In the below code, I tried few compiler options and got following observations:

 

1)      arm-linux-gnueabi-gcc -O2 -mcpu=cortex-a15 -mfpu=neon -ftree-vectorizer-verbose=6  -ftree-vectorize

 

Compiler throws following info messages:

 

foo.c:16: note: not vectorized: unsupported use in stmt.

foo.c:16: note: not vectorized: unsupported use in stmt.

foo.c:18: note: not vectorized: unsupported use in stmt.

foo.c:18: note: not vectorized: unsupported use in stmt.

 

 

2)      –O2 -mcpu=cortex-a15 -mfpu=neon

 

 

None of the generated code contains the NEON instructions.
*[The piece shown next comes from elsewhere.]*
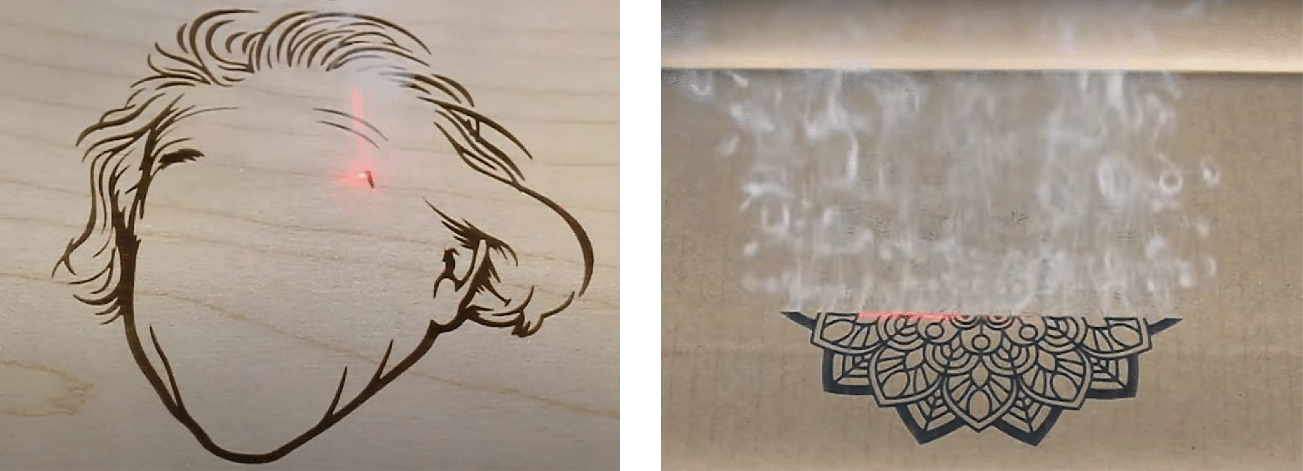 Обычно зависимость такая: высокая мощность дает темный оттенок, и наоборот. Это действует для неметаллических материалов. С металлом, например, так не работает. Так что градиенты проще получить на дереве с СО2 лазером, чем на металле с оптоволоконным аппаратом.

Code generated with case 1 is taking 3000 cycles, and code generated by option 2 is taking 2500 cycles.

 

Even if vectorization failed in case1, it should not generate more inefficient code than case 2. My belief was that the executables from both would take same cycles, any thing done for doing unsuccessful vectorization must be reverted if it did not succeed.

 

###################################################################

#define SIZE1 20

#define SIZE2 26

 

unsigned int array[SIZE1][SIZE2];

 

void  foo()

{

  unsigned int i,j;

  unsigned int max = 0;

 

  for(i = 0; i < SIZE1; i++)

  {

    for(j = 0; j < SIZE2; j++)

    {

      if (array[i][j] > max)

      {

        max = array[i][j];

        index = j;

      }

    }

  }

 

  printf("Max value: %u Index: %u\n", max, index);

}

 

 

 

Regards

RKS